Comparative Pharmacology
Head-to-head clinical analysis: MPI KRYPTON 81M GENERATOR versus XENON XE 133 V S S.
Head-to-head clinical analysis: MPI KRYPTON 81M GENERATOR versus XENON XE 133 V S S.
MPI KRYPTON 81M GENERATOR vs XENON XE 133-V.S.S.
Comparing the clinical profiles, pharmacokinetic behaviors, and safety indices of these two therapeutic agents.
Krypton-81m (81mKr) is a short-lived radionuclide that decays by isomeric transition emitting gamma rays (190 keV). When inhaled, it distributes in the lungs according to regional ventilation. Imaging is performed using a gamma camera to assess pulmonary ventilation. The generator produces 81mKr from its parent rubidium-81 (81Rb).
Xenon Xe-133 is a radioactive gas that emits beta and gamma radiation. It distributes to the lungs and is used for ventilation-perfusion imaging. Its mechanism is based on regional distribution in the lungs, reflecting ventilation. It does not have pharmacological activity.

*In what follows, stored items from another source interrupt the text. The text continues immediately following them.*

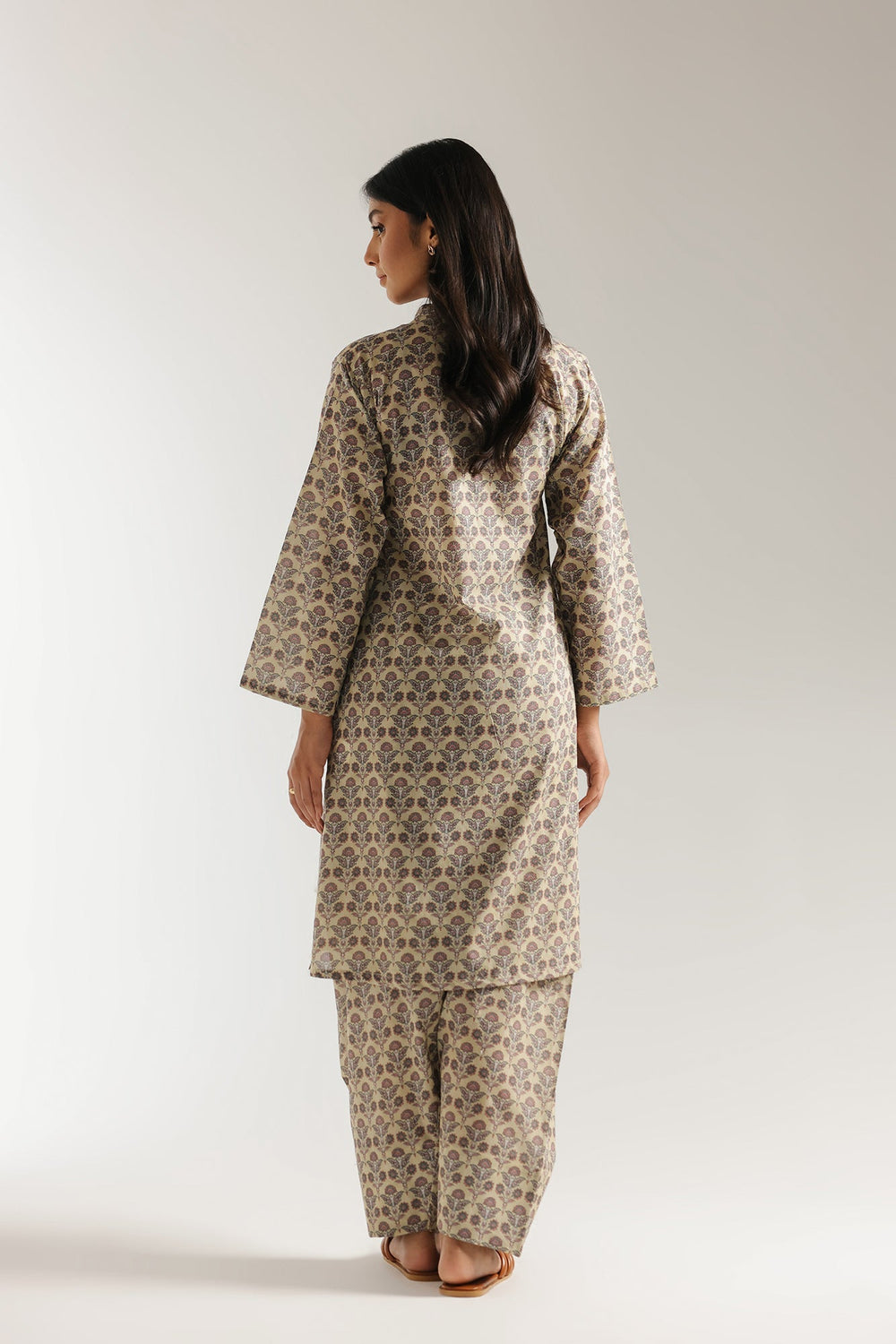 Discover unique allure in this distinctive beige outfit, adorned with an intricate all-over print of rich, deep floral motifs. The kurta showcases a stylish V-neck accented with vibrant green beaded tassels, adding an unexpected touch of charm. Complemented by matching printed shalwar, this ensemble exudes an earthy sophistication, making it a perfect choice for those who appreciate refined, nature-inspired style.
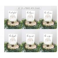 WHAT YOU GET: A set of SIX 5x7 cards, One sided, professionally printed on coverstock & SIX small wooden stand that holds the print
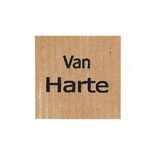 Omschrijving : etiketten 3x3cm 'Van harte' Kraft + Black (500st)
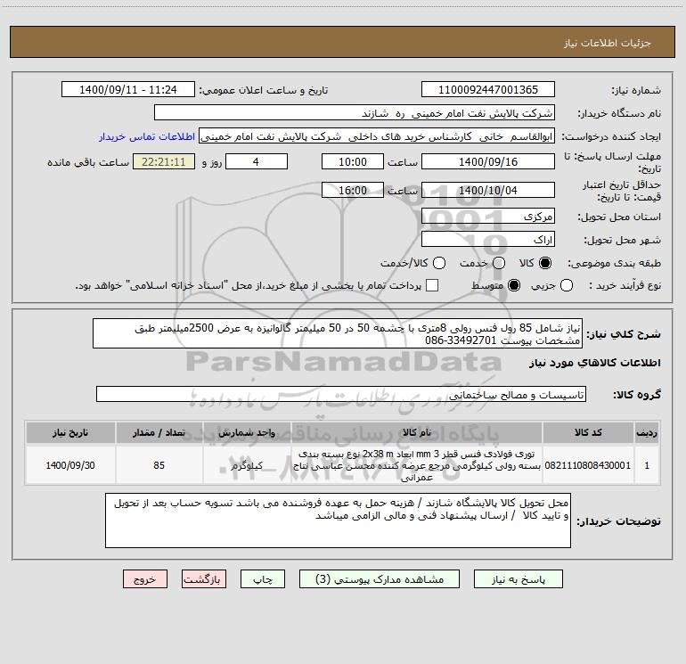 شرح کلی نیاز: نیاز شامل 85 رول فنس رولی 8متری با چشمه 50 در 50 میلیمتر گالوانیزه به عرض 2500میلیمتر طبق مشخصات پیوست 33492701-086
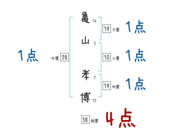外運![]() | 亀山孝博さんの外運は28画の1つ星!家庭環境に注意。スポーツで活躍できる能力があるかも。 生活面を象徴する運勢です。外部から受ける影響力を表し、結婚運、家庭運や職場、環境への順応性を表します。 |
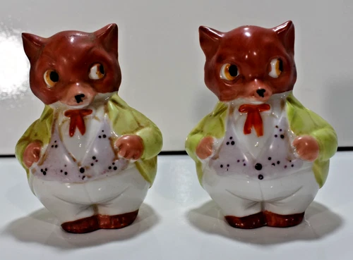 Fox Figurines Salt And Pepper Shakers Ceramic Porcelain Handpainted USA
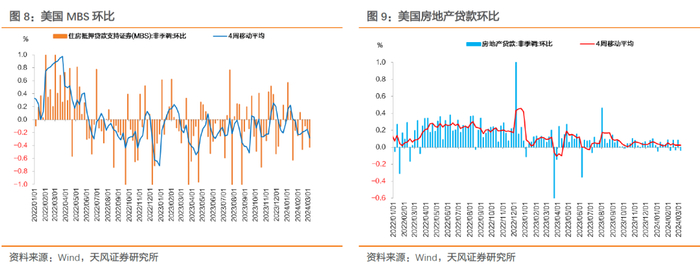 第三,信贷高频数据显示美国地产供需也在降温。住房抵押贷款支持证券(MBS)环比持续位于负区间,房地产贷款环比相比2022-2023年显著走弱、扩张乏力。地产是利率敏感部门,近期高频数据表明高利率对地产供需的影响可能进一步显现。持续的高利率环境下,地产上下游将有越来越多主体面临更高的再融资成本。
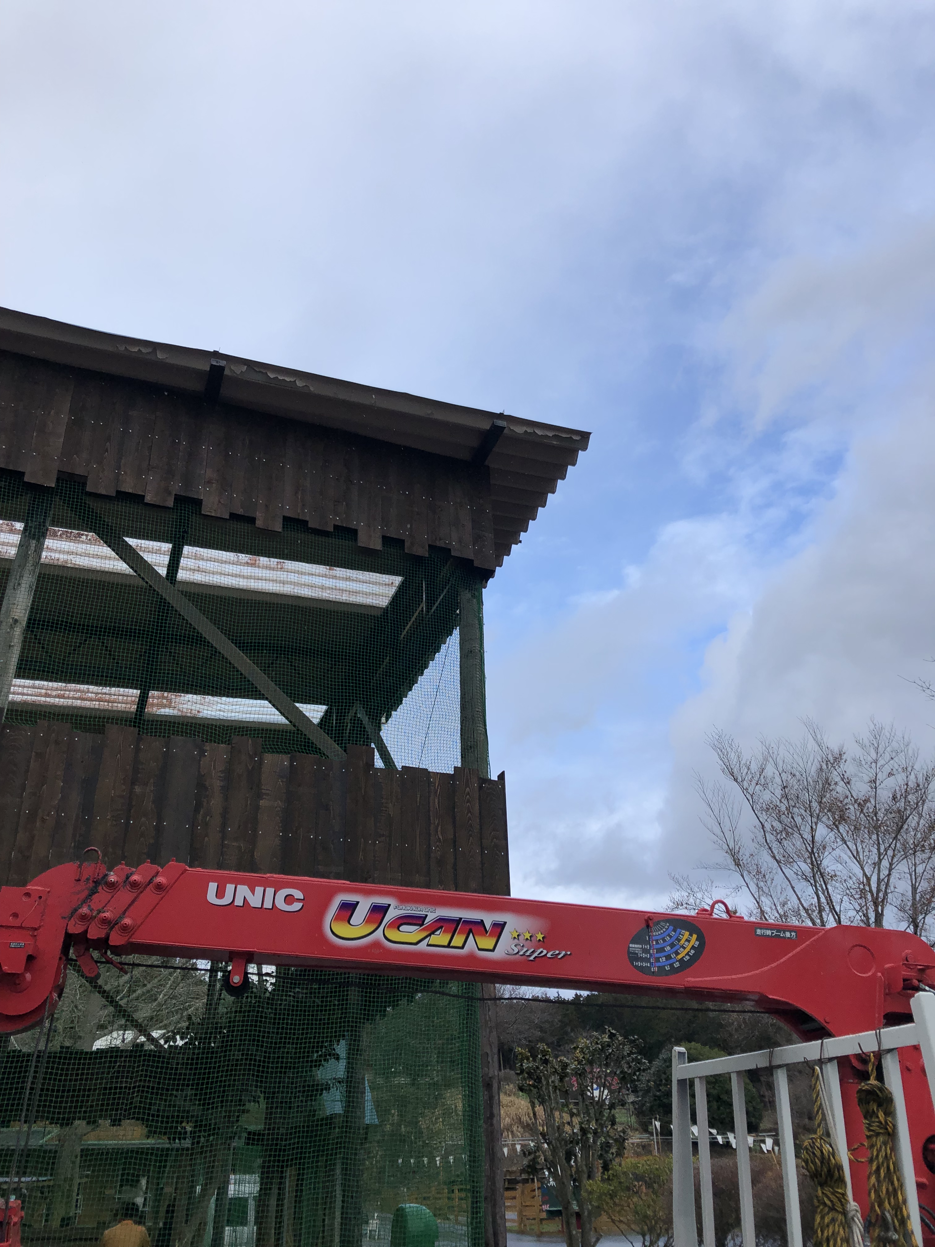 ヤギや羊を飼う小屋のキットを、大工さんが組み立ててくれております。

Intravenous infusion of krypton-81m gas in oxygen, typically 400-800 MBq (10-20 mCi) per study, administered via generator elution with a flow rate of 500-1000 mL/min. Adult dose per lung ventilation study: 100-400 MBq (2.7-10.8 mCi) inhaled in a single breath or continuous breathing for 1-2 minutes.
5-10 mCi (185-370 MBq) inhaled as a single dose for pulmonary ventilation imaging.
None Documented
None Documented
Physical half-life of krypton-81m: 13.1 seconds; biological half-life is negligible as it is inert gas eliminated via exhalation.
Terminal elimination half-life of approximately 3.5 minutes, corresponding to rapid washout from lungs following cessation of inhalation.
Renal: ~100% (krypton-81m is exhaled and decay products are excreted renally; as a gas, the primary elimination is via exhalation, with the decay product rubidium-81 cleared renally).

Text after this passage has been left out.